Task inputs:
+++

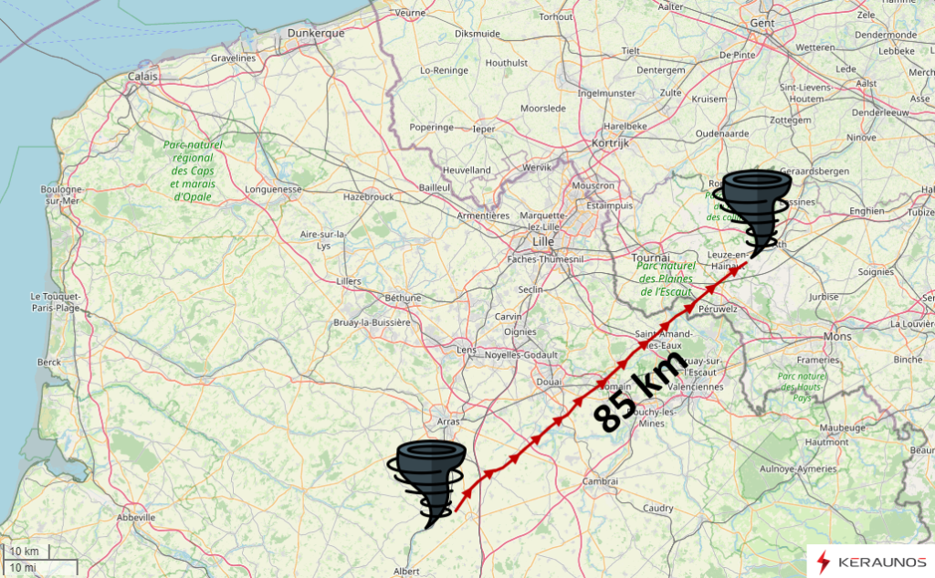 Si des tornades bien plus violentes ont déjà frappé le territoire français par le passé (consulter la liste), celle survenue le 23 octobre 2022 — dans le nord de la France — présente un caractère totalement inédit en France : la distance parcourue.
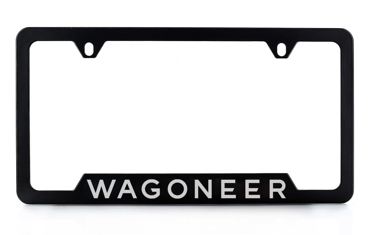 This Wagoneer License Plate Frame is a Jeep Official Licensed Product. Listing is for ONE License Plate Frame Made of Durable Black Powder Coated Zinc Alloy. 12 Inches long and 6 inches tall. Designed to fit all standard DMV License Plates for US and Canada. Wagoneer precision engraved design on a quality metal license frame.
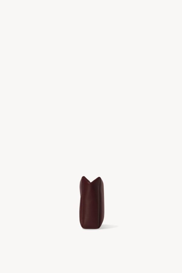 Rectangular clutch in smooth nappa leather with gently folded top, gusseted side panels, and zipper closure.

+++

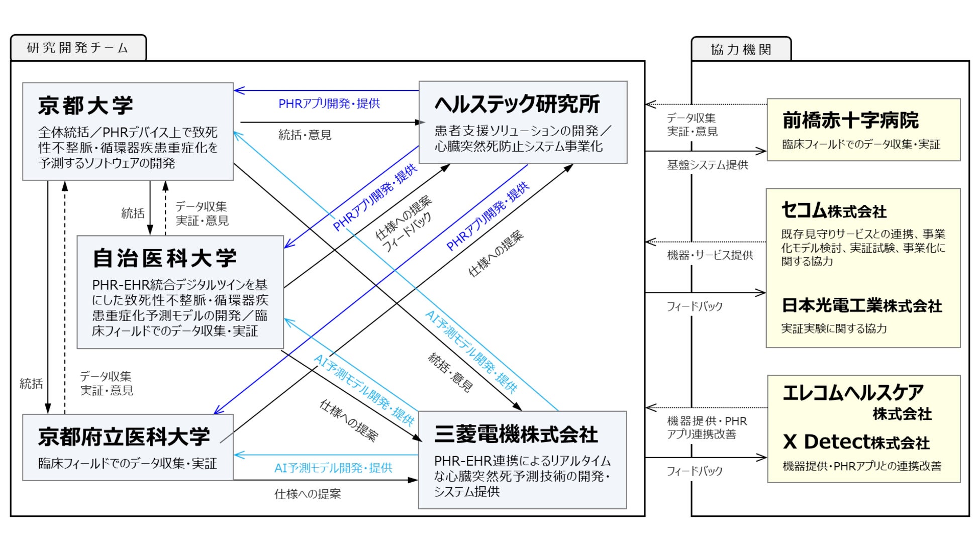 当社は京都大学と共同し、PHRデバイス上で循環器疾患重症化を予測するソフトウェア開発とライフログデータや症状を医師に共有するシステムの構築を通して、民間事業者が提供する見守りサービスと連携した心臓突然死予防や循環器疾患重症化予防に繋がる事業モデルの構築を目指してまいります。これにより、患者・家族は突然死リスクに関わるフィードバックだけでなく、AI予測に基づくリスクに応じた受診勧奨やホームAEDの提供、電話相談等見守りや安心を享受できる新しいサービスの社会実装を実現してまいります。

+++

Task requirements: Leaving out all pictures, set down exactly the lines of the material above, from the line with "This Wagoneer License" to the line with "Rectangular clutch in" inclusive, and no others.

Task answer:
 This Wagoneer License Plate Frame is a Jeep Official Licensed Product. Listing is for ONE License Plate Frame Made of Durable Black Powder Coated Zinc Alloy. 12 Inches long and 6 inches tall. Designed to fit all standard DMV License Plates for US and Canada. Wagoneer precision engraved design on a quality metal license frame.
 Rectangular clutch in smooth nappa leather with gently folded top, gusseted side panels, and zipper closure.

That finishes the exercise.